◆ Records for the task

%%

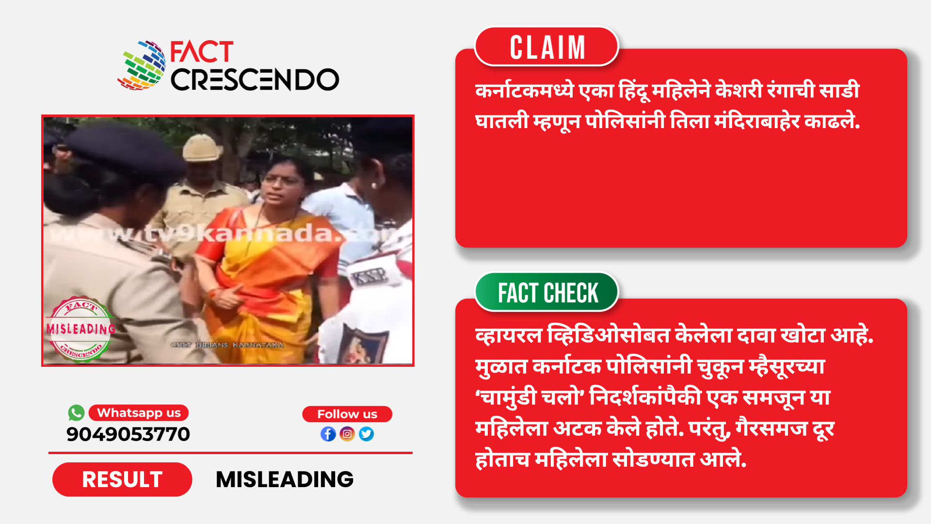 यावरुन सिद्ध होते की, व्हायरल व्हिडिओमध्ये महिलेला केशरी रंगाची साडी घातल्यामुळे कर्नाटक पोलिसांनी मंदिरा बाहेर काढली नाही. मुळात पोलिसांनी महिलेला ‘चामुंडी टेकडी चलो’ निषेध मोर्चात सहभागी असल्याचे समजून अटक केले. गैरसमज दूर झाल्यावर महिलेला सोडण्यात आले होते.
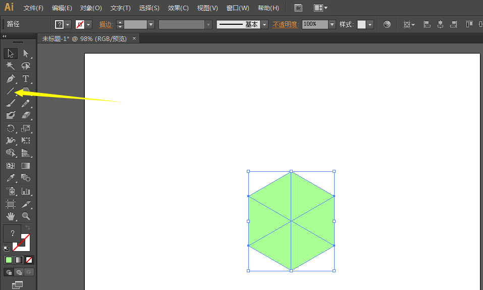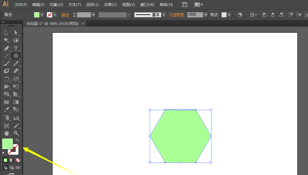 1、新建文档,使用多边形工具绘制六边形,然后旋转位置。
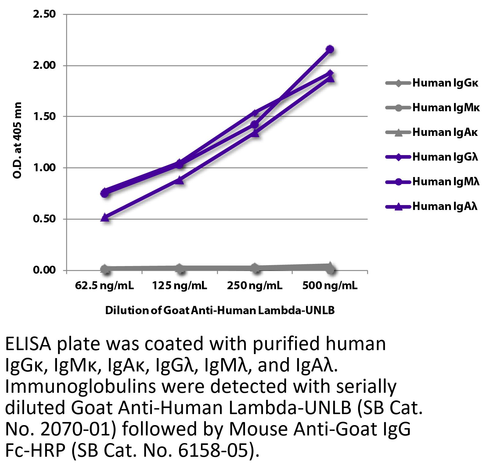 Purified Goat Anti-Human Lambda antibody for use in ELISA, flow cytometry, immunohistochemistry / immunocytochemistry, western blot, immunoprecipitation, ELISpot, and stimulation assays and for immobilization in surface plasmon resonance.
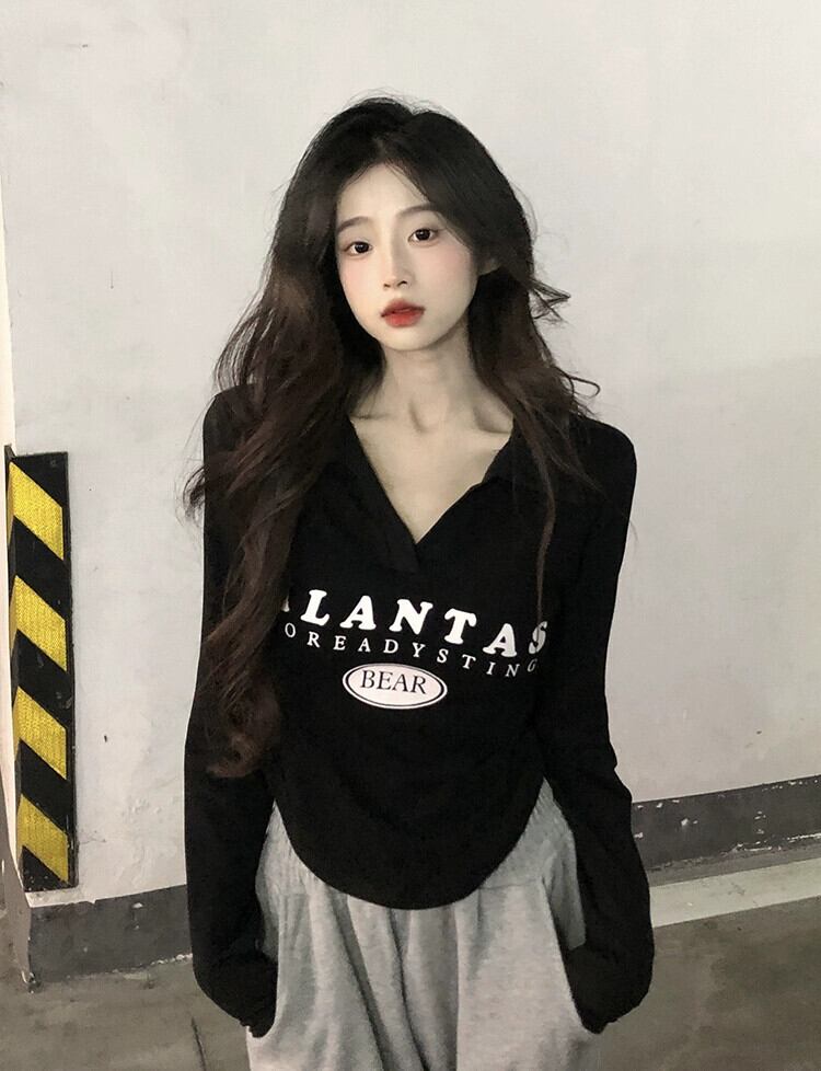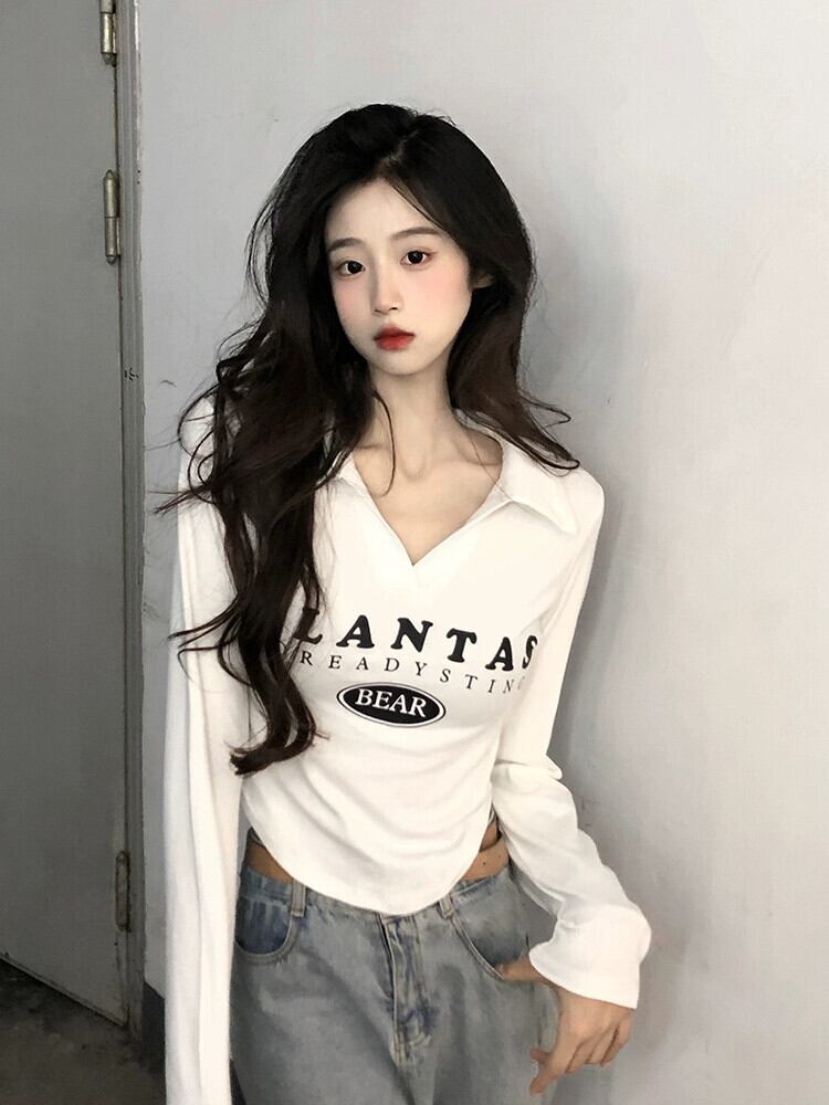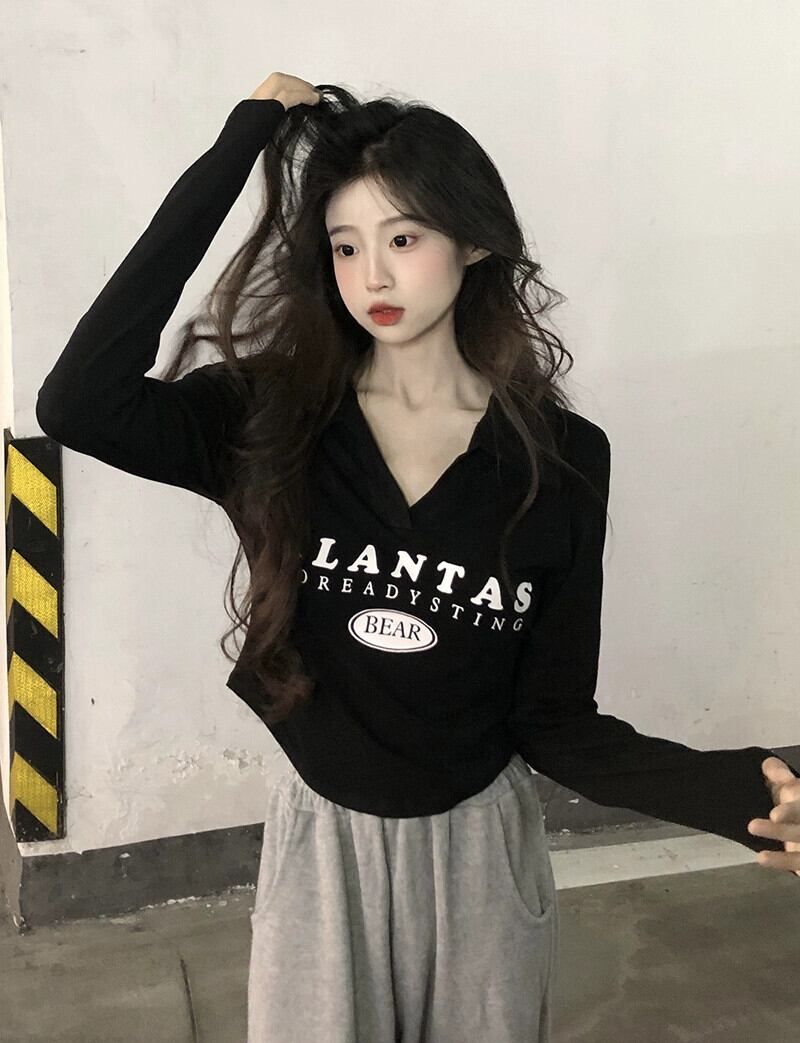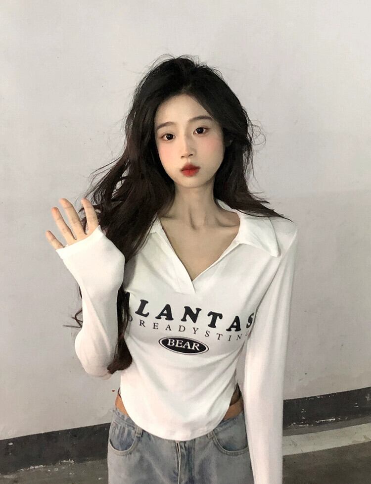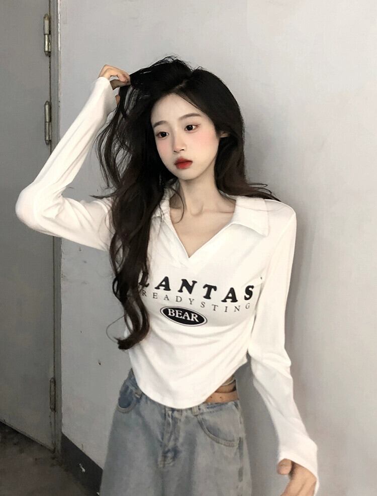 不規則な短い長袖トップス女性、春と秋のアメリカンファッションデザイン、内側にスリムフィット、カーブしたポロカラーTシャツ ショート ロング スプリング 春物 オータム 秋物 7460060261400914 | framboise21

%%
%%

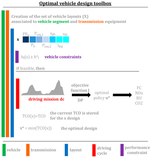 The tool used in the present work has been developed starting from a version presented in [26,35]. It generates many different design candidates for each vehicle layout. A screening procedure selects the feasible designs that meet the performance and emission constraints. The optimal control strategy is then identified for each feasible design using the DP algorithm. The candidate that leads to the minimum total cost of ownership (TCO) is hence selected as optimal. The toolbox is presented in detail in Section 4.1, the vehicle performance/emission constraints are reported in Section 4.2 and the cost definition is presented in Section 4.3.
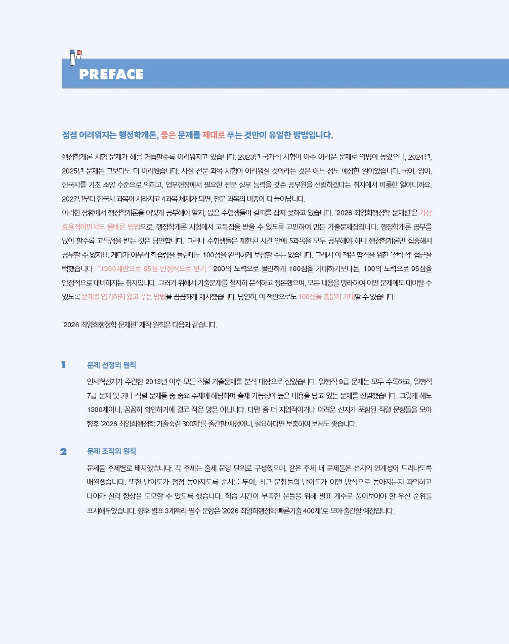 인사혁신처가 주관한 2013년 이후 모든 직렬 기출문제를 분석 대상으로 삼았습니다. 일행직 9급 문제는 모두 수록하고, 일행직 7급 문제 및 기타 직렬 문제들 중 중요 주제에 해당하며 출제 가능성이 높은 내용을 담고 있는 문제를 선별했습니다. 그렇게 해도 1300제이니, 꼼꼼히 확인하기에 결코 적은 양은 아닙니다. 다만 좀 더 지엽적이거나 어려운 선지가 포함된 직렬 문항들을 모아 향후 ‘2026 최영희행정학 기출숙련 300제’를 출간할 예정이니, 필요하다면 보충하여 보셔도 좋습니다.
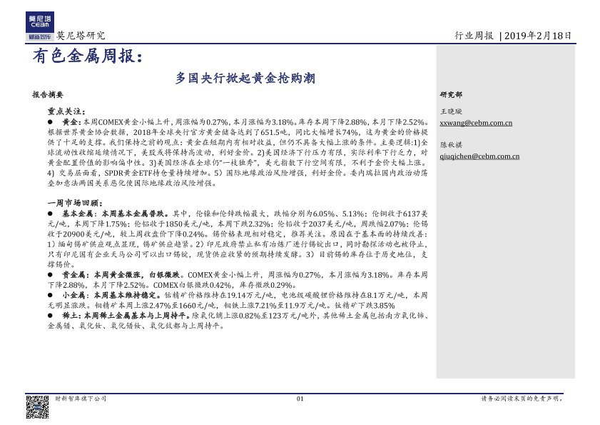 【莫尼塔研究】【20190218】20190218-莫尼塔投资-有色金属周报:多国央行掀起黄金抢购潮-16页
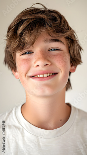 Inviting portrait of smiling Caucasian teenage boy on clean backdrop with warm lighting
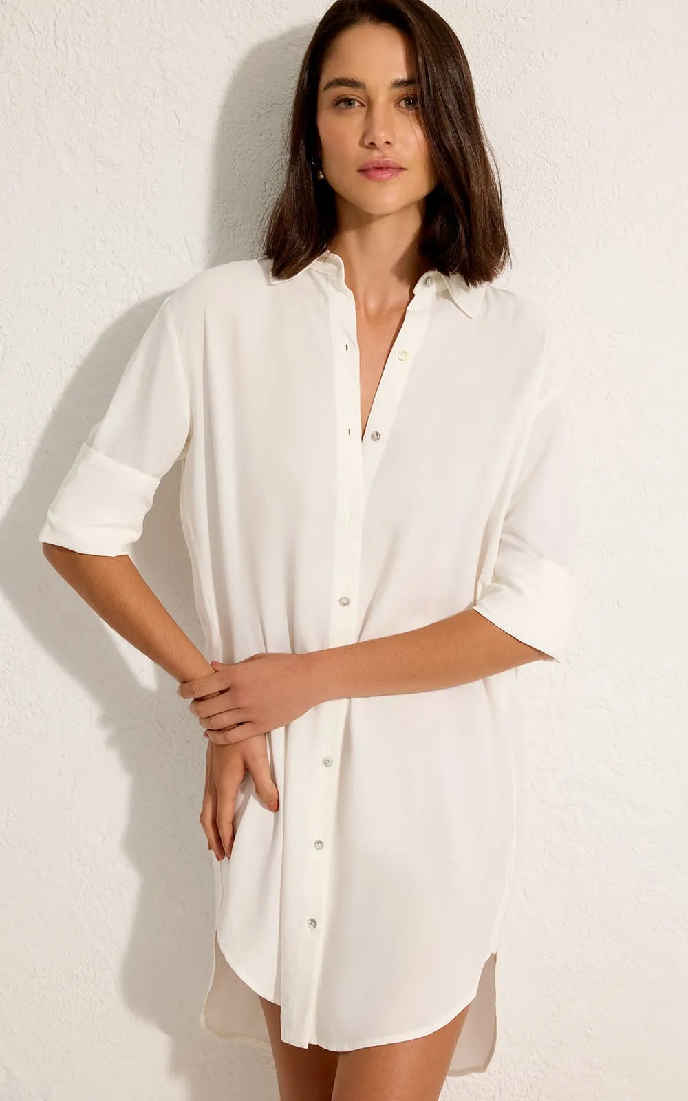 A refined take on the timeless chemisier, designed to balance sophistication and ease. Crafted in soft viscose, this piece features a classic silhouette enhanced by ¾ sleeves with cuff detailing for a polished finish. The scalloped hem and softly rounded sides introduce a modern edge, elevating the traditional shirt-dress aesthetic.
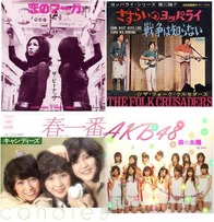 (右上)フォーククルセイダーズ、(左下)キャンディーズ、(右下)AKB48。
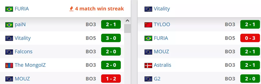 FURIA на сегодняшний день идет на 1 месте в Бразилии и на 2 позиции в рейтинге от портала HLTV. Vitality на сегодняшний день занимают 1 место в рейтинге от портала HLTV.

%%

◆ Task objective
Pictures aside, return exactly the lines from the data above, starting at the line that has "यावरुन सिद्ध होते" and ending at the line that has "Purified Goat Anti-Human", both included.

◆ Response for this exercise
 यावरुन सिद्ध होते की, व्हायरल व्हिडिओमध्ये महिलेला केशरी रंगाची साडी घातल्यामुळे कर्नाटक पोलिसांनी मंदिरा बाहेर काढली नाही. मुळात पोलिसांनी महिलेला ‘चामुंडी टेकडी चलो’ निषेध मोर्चात सहभागी असल्याचे समजून अटक केले. गैरसमज दूर झाल्यावर महिलेला सोडण्यात आले होते.
 1、新建文档,使用多边形工具绘制六边形,然后旋转位置。
 Purified Goat Anti-Human Lambda antibody for use in ELISA, flow cytometry, immunohistochemistry / immunocytochemistry, western blot, immunoprecipitation, ELISpot, and stimulation assays and for immobilization in surface plasmon resonance.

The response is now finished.